Но с вашим фаталистическим взглядом я вообще не согласен. Нет, от политики многое зависит. Не все, но многое. Если бы я считал иначе, то не взялся бы за это дело. Конечно, в 90-м году наше представление об экономике по сравнению с 85-м и даже с 87-м годом — это день и ночь! Наше мышление очень продвинулось. Когда в 88-м году впервые я ввел в нашу экономику понятие конкуренции, монополизма… да и, кстати, фермерства… на меня вот такими глазами смотрели.
Мы держались до 89-го года. В 89-м году рост экономики был уже очень небольшой — 1,5 процента. В 90-м году прошли через нулевую отметку, начался спад, пошел настоящий раздрай в экономике.
— Так вот, все-таки, Николай Иванович, может быть, это падение было объективно, ни от чего не зависело? Или иначе: ну, вот остались бы вы у власти, стали бы, скажем, Президентом России. Вы думаете, что не было бы в принципе того же, что мы имеем сегодня? Вы всерьез верите, что смогли бы задержать падение маятника?
— Конечно, переход от плановой к рыночной системе безболезненно пройти не мог. В этом смысле трудность переходного периода неизбежна при любом руководстве. Вы помните, что со мной делали в мае 90-го года, когда я выдвинул комплекс мер по переходу к рынку, в числе которых было и реформирование цен. Тогда Бунич крылатую фразу сказал о нас — «Шок без терапии». Да… С тех пор менялись премьеры, много было «шоков», а до «терапии» так и не добрались…
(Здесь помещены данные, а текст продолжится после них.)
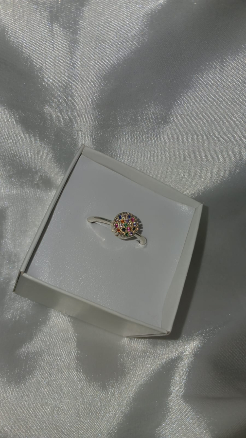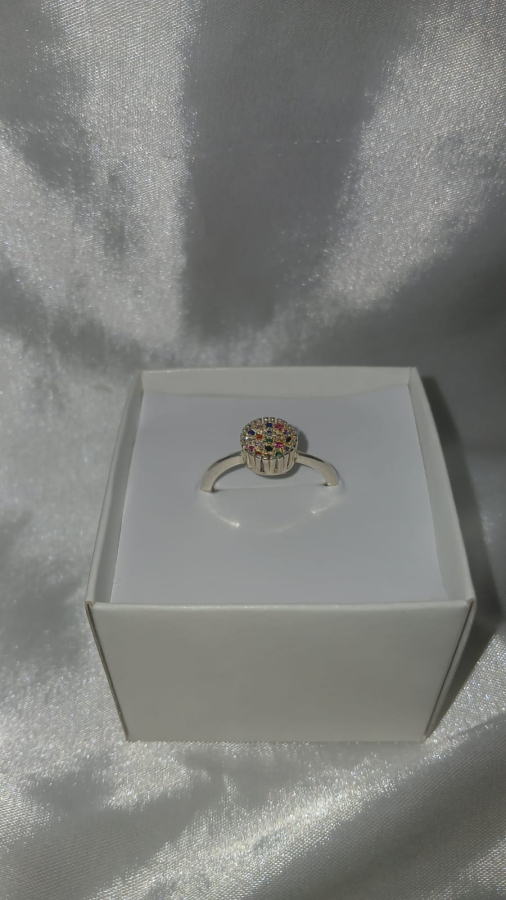 ANEL EM PRATA 925 COM MICRO ZIRCÔNIAS COLORIDAS. ANEL TAMANHO 22.

Так что приближение кризиса было неизбежно. Но какого? Программа Рыжкова-Абалкина (так ее называли) была умеренно радикальная. Я и сейчас считаю: этот путь, который мы не прошли, был оптимальным, а Абалкин был и остается крупнейшим экономистом. Мы не могли рисковать, не могли пойти на шоковую терапию из-за неподготовленности рыночной инфраструктуры, материальной и психологической неподготовленности людей. И если бы страна пошла этим путем — трудности тоже были бы. Но не было бы так, как сейчас. Была бы существенная разница — в этом я убежден, поэтому и согласился выставить свою кандидатуру на пост Президента России. Я понимал, что может опять выплыть программа типа «500 дней», другие шоковые варианты и все это ударит по людям. Только поэтому и пошел. Что мне, власть была нужна? Я от той-то власти не отошел. Да и четыре месяца после инфаркта! Но я стоял на митингах по восемь часов, хотя понимал, что рисковал. Зачем? Для того чтобы предупредить такое развитие событий, такую шоковую терапию, к которой мы пришли сегодня. Я проиграл выборы, но никогда не смогу упрекнуть себя в том, что мог, но не сделал…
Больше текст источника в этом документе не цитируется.